What this similarity suggests is that practices developed in the cognitive resource era can be directly applied to AI context management:
- Modularization → Context isolation: Give sub-agents independent context windows, returning only result summaries. Just as humans don't need to know a module's internal implementation, a parent agent doesn't need to know a sub-agent's details
- Ubiquitous Language → Shared vocabulary design: Reduce conceptual drift between humans and AI, or between AI agents, to minimize translation overhead
- Team Topologies → Multi-agent design: Partition agent responsibilities based on context load
- Progressive disclosure → Load only needed information: Instead of stuffing everything into the context, retrieve information on demand
Finite Resource Management: The Invariant Problem Structure
Looking back at the discussion so far, we can see that the same problem structure has repeatedly emerged throughout the history of software development:
Finite resource → Development of management strategies → Resolution of bottleneck → Emergence of the next finite resource
Algorithms and data structures arose for compute constraints. Modularization and domain design arose for cognitive constraints. And isomorphic management strategies are being applied for context window constraints.

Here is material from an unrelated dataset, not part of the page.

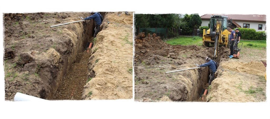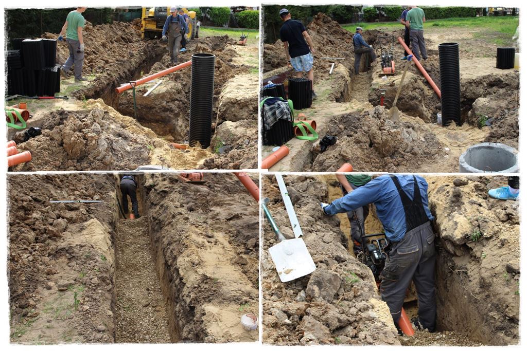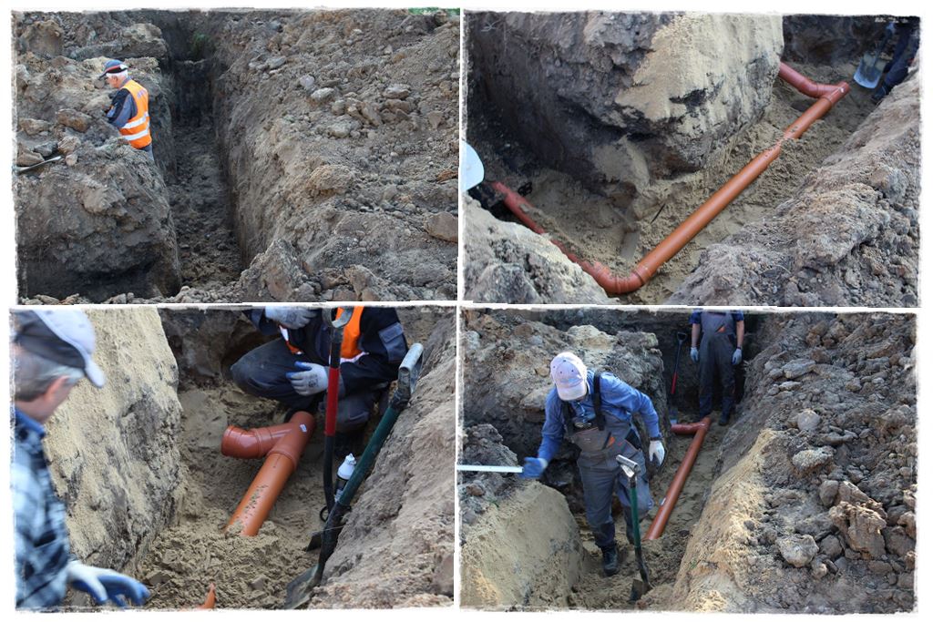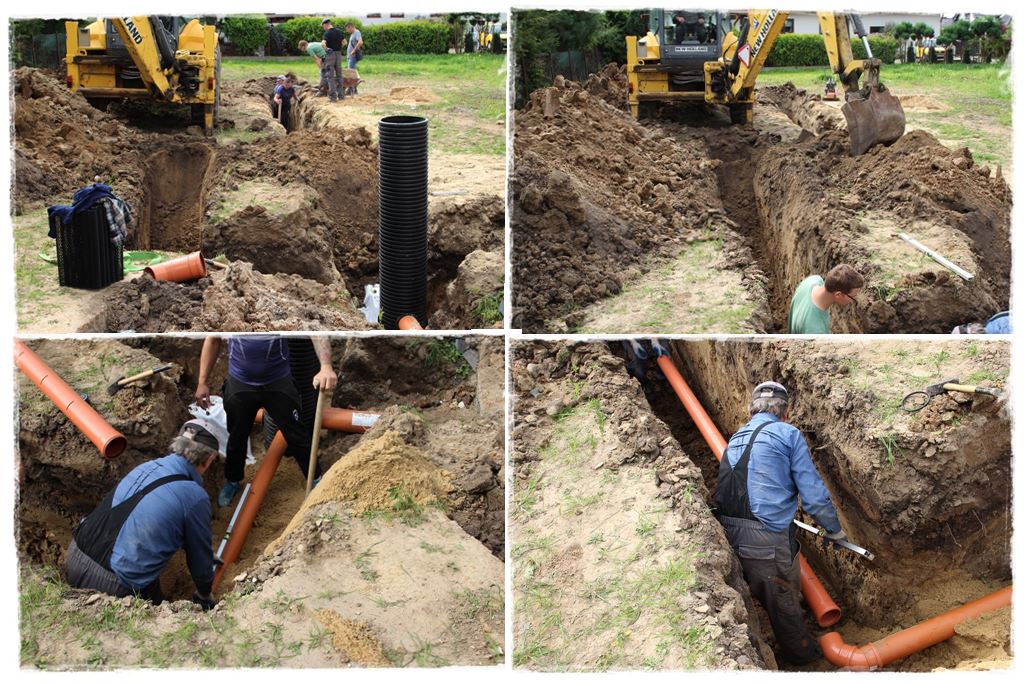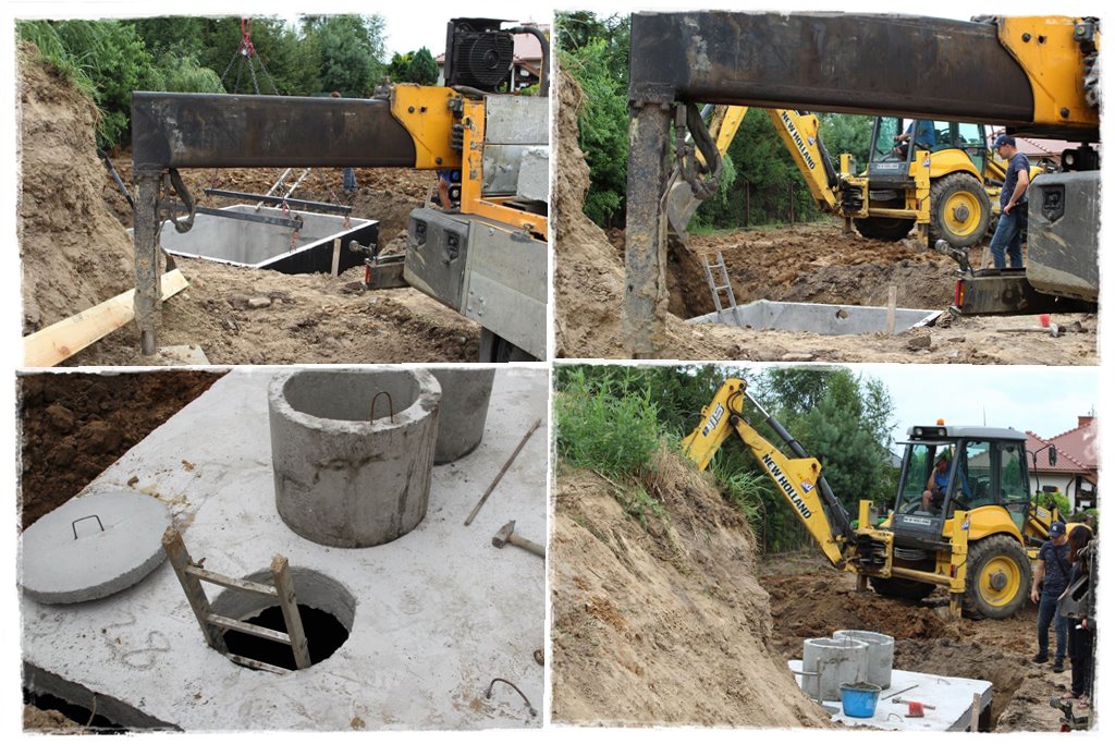 Obrys częściowo przysypanego już zbiornika pokazałem kolorem białym, a wszystkie sieci do wykonania kolorem czerwonym i pomarańczowym. Dodatkowo kolorem czarnym studnię rozdzielającą. A zatem to tyle tytułem wstępu. Tymczasem spójrz, jak wyglądała budowa.

This means that software development has essentially been working on the same question throughout: "how to manage complexity within finite resources." The type of resource changes, but the structure of the question remains constant.
And this perspective has practical implications. When thinking about AI tool design and collaboration methods with AI, there's no need to invent a new paradigm from scratch. The decades of accumulated software engineering practices can be applied almost directly just by substituting the target resource. What we've learned about managing cognitive load also applies to managing context windows. This is, I think, good news for engineers.
The Question Beyond: What Happens When Context Constraints Disappear?
One caveat, however.
Just as compute constraints were (effectively) resolved, context window constraints may eventually be dramatically relaxed. When windows expand to effectively infinite size and AI can simultaneously process arbitrary amounts of information, what becomes the next bottleneck?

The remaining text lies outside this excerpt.